What is the minimum value of $(x_1-x_2)^2+(12+\sqrt{1-x_1^2}-\sqrt{4x_2})^2$?

Question

Question: What is $$\min \left[(x_1-x_2)^2+\left(12+\sqrt{1-x_1^2}-\sqrt{4x_2}\right)^2 \right] $$ where $x_1,x_2 \in \mathbb R .$

I thought that let $x_1=x$ and $x_2=y$ and then simply minimise the function. I got $$\frac{dy}{dx}=\frac{y+12(1-x^2)^{\frac{-1}{2}}}{y+2-x+12(y)^{\frac{-1}{2}}}$$

Which in putting zero gave me $$y_o^2=\frac{144}{1-x_o^2}$$ Now how to proceed further? $(x_o,y_o)$:Critical point's coordinate

Note: This question is under conics sections heading. Am I missing something obvious form conics basics or is it completely calculus approach?

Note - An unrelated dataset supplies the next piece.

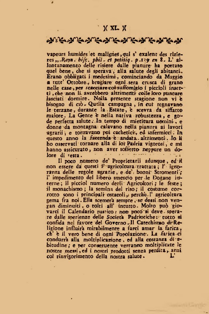 Il poco numero de' Proprietarii adunque , ed H *ion essere da questi i'-agricolcura trattata ; F ignoranza delle regole agrarie, e de\ buoni Stromenti; 1' impedimento del libero smercio per -le Dogane irf-terne ; il picciol numero deM>_ Agricoltori; le feste; il monachismo; la semina del riso; il costume corrotto sono i principali ostacoli^ perchè.I' agricoltura gema fra noi. Ella scemerà sempre ,-se deisi non ven-gan diminuitilo tolti all' intutto. Molto può giovarci il Calendario rusrico.- non poco'si deve sperare dalle sperienze delle Società Padrk>tiche::' tutto si confida nel favore dei Governo -Il Catechismo di-Religione influirà mirabilmente a farci amar la farica, eh' h il vero bene di ogni Popolazione-. La faticaci condurrà alla moltiplicazione, ed alla costanza di a-bitudtne; e per conseguente verranno moltiplicate le nostre messi,ed i nostri prodotti senza perditar anzi col rinvigorimento della nostra salute. L'

Given answer is $4\sqrt5-1$

Answer 1

It's easily shown that all of the choices are wrong . . .

Let $f$ be defined by

$$f(x_1,x_2) = (x_1-x_2)^2+\left(12+\sqrt{1-x_1^2}-\sqrt{4x_2}\right)^2$$

Then the domain of $f$ is the set of all pairs $(x_1,x_2) \in \mathbb{R}^2$ such that

$$-1 \le x_1 \le 1$$

$$x_2 \ge 0$$

Note that all of the choices for the minimum value of $f$ are less than $10$.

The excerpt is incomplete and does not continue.